[I18n-sig] How does Python Unicode treat surrogates?

Martin v. Loewis martin@loewis.home.cs.tu-berlin.de
Tue, 26 Jun 2001 01:15:58 +0200


> With the release of the Plane 2 ideographic extensions in Unicode 3.1
> there are two options available: include surrogate support via UTF-16,
> which means dealing with multibyte (really multi"word") characters, or
> switching to UTF-32, allowing characters outside Plane 0 to be
> accessed uniformly.
> 
> Note that this is a real issue: the Hong Kong Supplementary Character
> Set includes characters contained in Plane 2 when mapped to Unicode
> 3.1.

The most likely solution, of course, for the time to come, is: Ignore
characters outside the BMP. IMO, Tim Peter's view is right: If the
internal representation uses surrogates, indexing should ignore this,
and count a surrogate pair as one character.

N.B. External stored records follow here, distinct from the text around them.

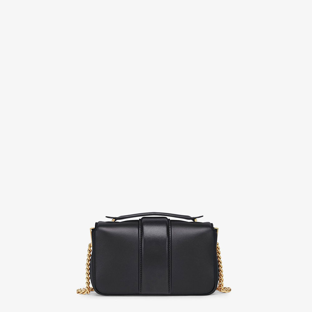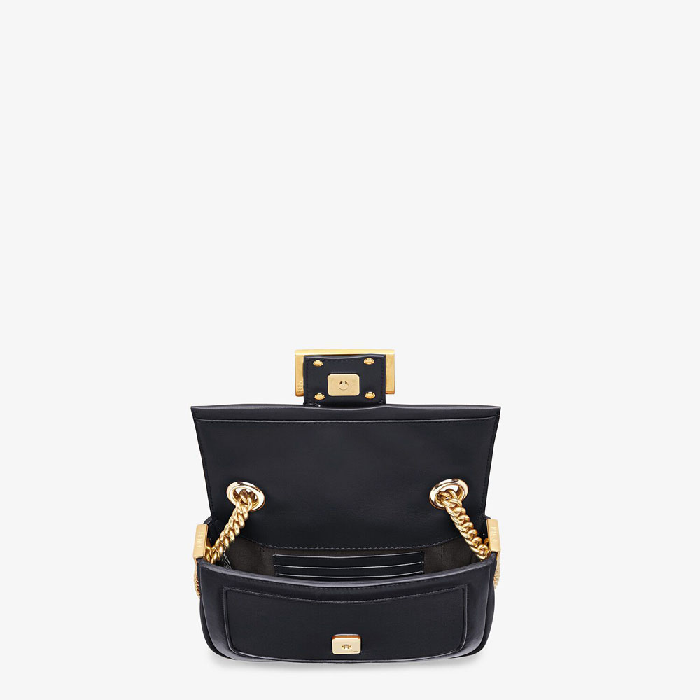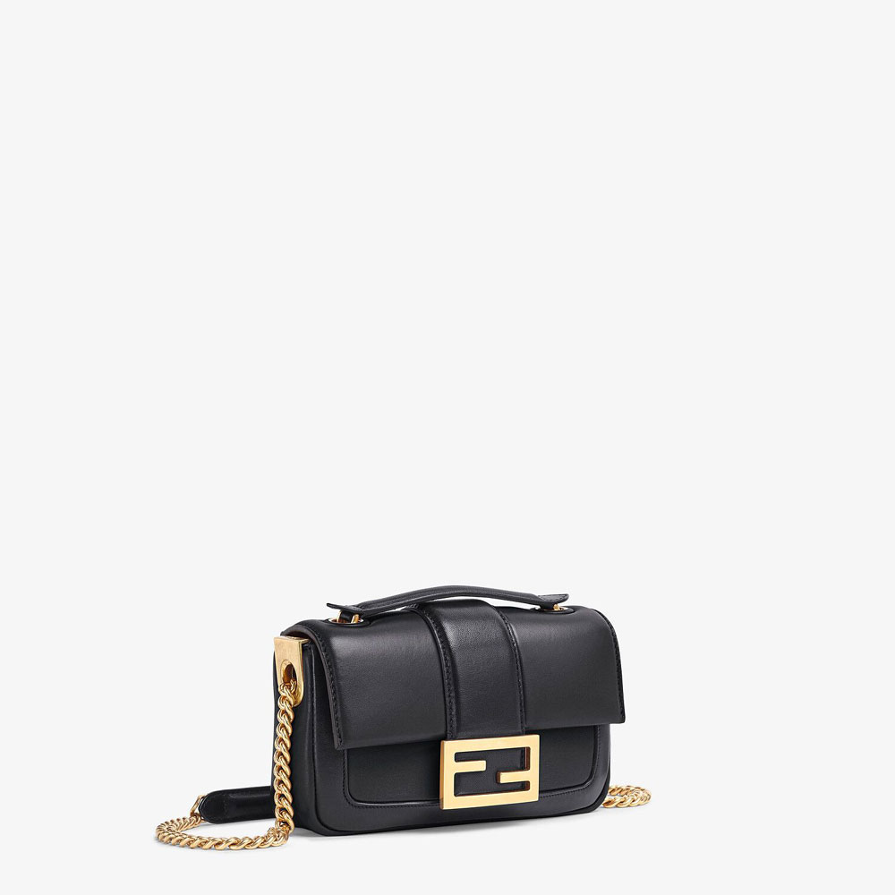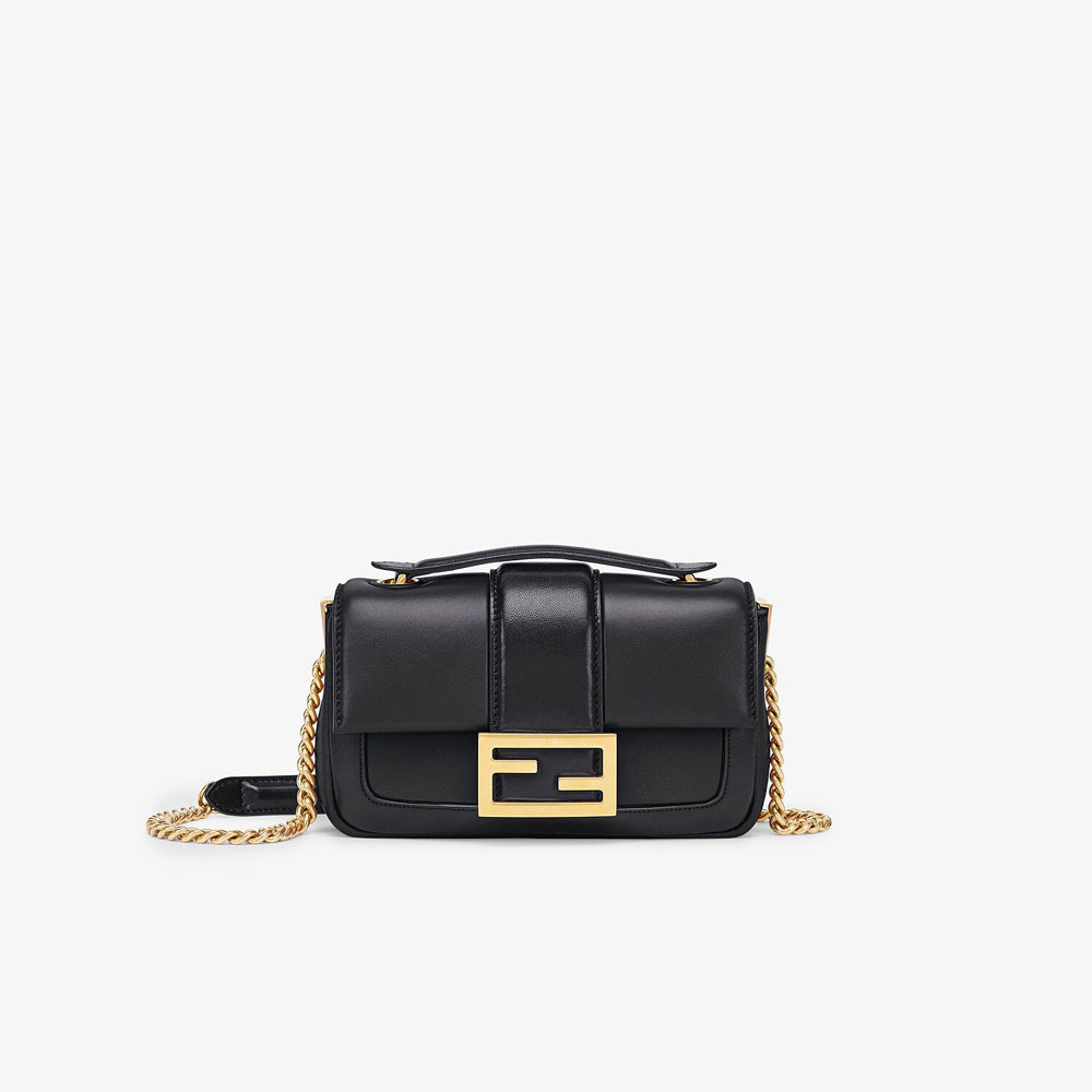 Mini Baguette bag, made of soft, black nappa leather with sliding chain and decorated with an FF clasp.
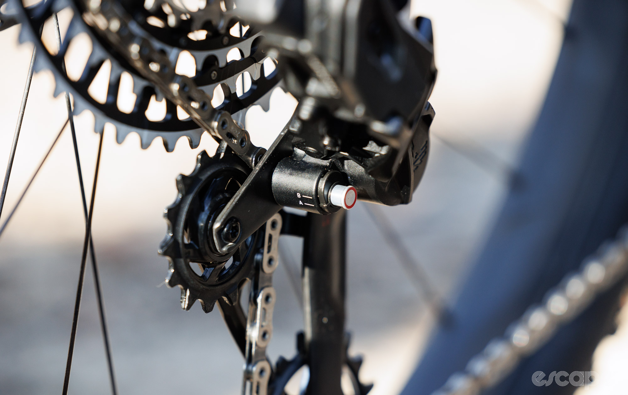 The equivalent of B-tension adjustment is now done with a new tool-free “Setup Key” at the derailleur cage when first installing the derailleur. Meanwhile, the only other adjustment available is the electronic trim that moves the derailleur side-to-side in 0.2 mm increments. Interestingly, the trim is only needed because the width of the hub axle end cap is the only part of the puzzle that SRAM hasn’t been able to standardise.
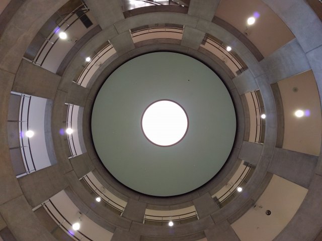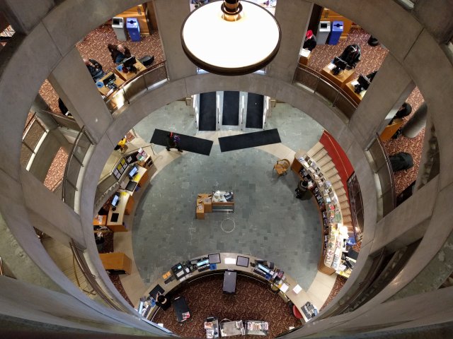 The depth of the entryway punctuates the impression of a solid, sturdy mass—entering the library is like entering a castle. Inside is a spacious cylindrical atrium ringed by a stair, the clear, symmetrical geometry making the library's organization clear. Walking up the curved stair is a slow progression through the spaces of the library, allowing peeks into stacks, busy seating areas, and some of the collections. Glass separating the atrium from spaces allows for visibility but also carefully controlled climate around the rare collections.
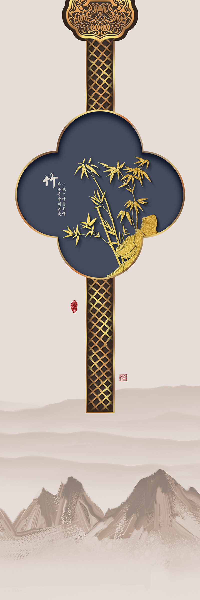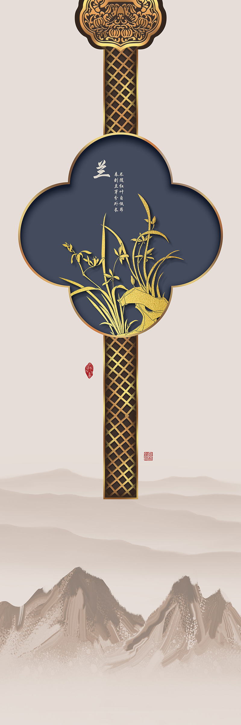 新中式四联画禅意现代轻奢古风玄关梅兰竹菊装饰画高清素材图片库
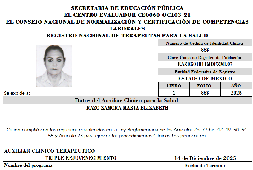 RAZO ZAMORA MARIA ELIZABETH TRIPLE REJUVENECIMIENTO 00883 14-12-25
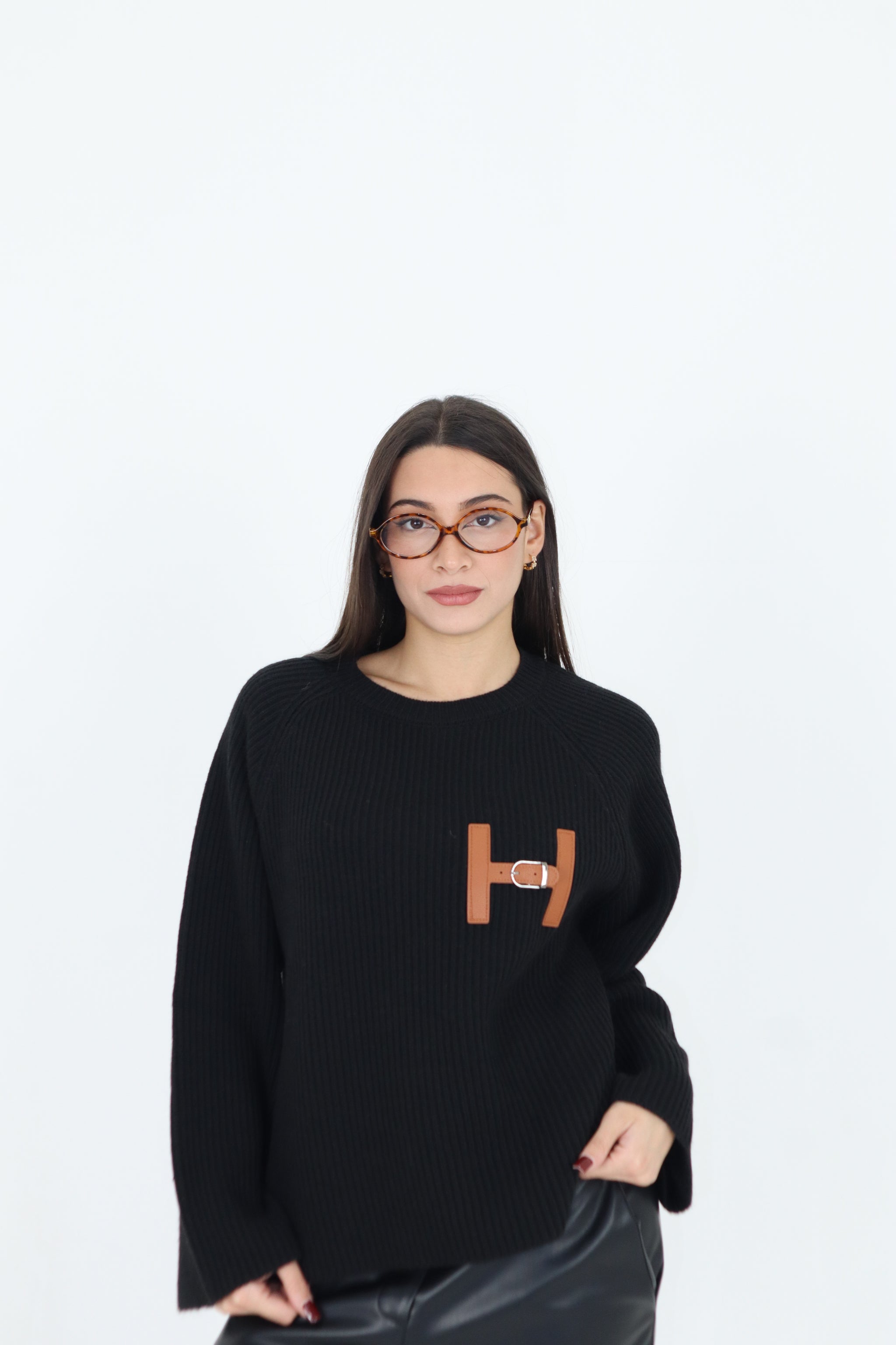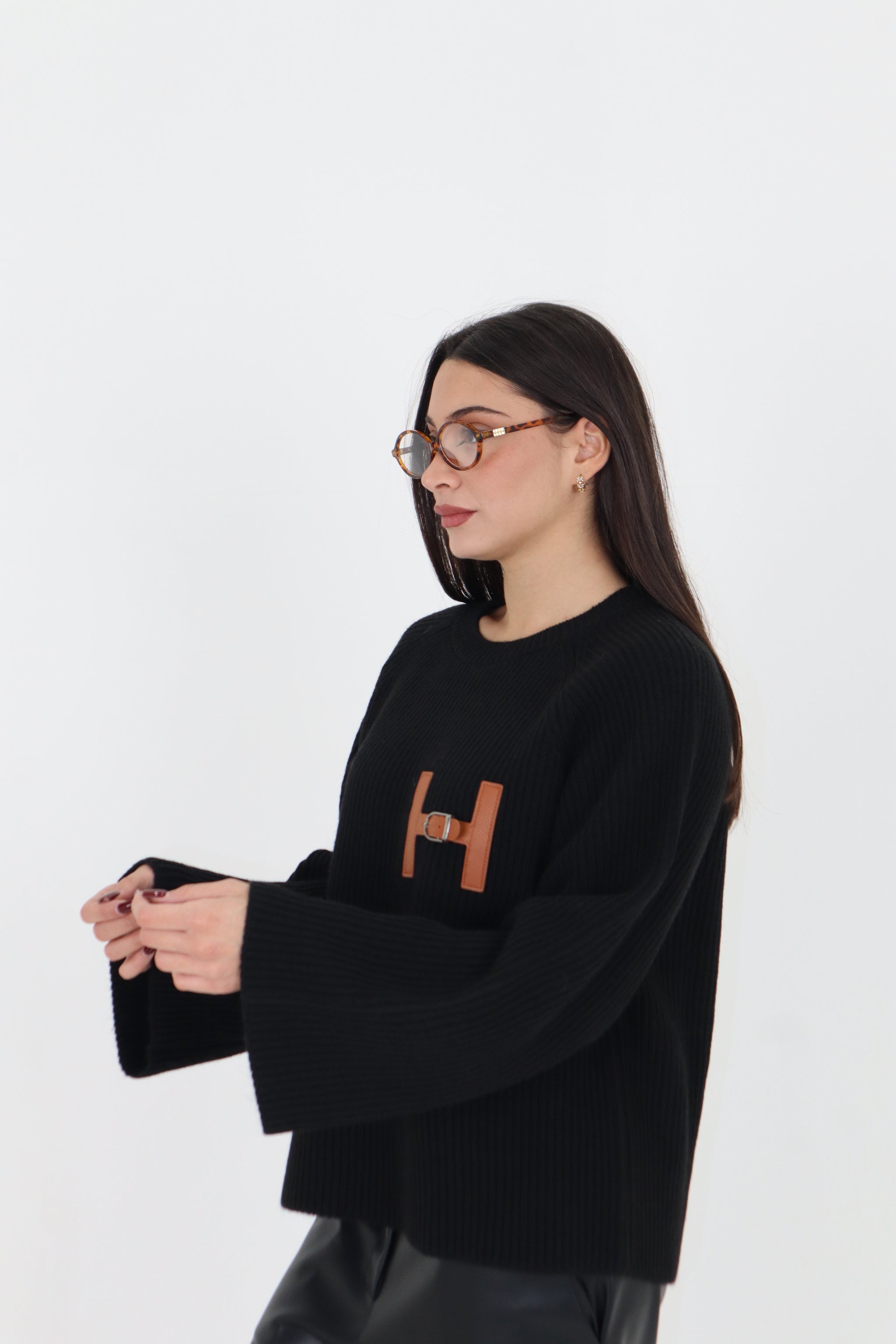 PULL HERME IN LANA FREDDA CON INSERTO IN SIMIL PELLE

This is not going to
happen unless somebody comes up with an efficient implementation.

The obvious alternative solution is to use a 32-bit Py_UNICODE, which,
given Guido's comment, is also not going to happen.

So nothing will happen until enough Chinese users complain. I don't
know whether you count as Chinese for these purposes :-)

Regards,
Martin

P.S. The real issue IMO is display: If there are fonts supporting
these characters, people will want to write programs that make use of
the fonts. Until nobody can actually display such text, nobody will
request that indexing works reasonable.

P.P.S. Of course, if we wait until users actually use surrogates, it
is too late to change the indexing - that would likely break people's
code.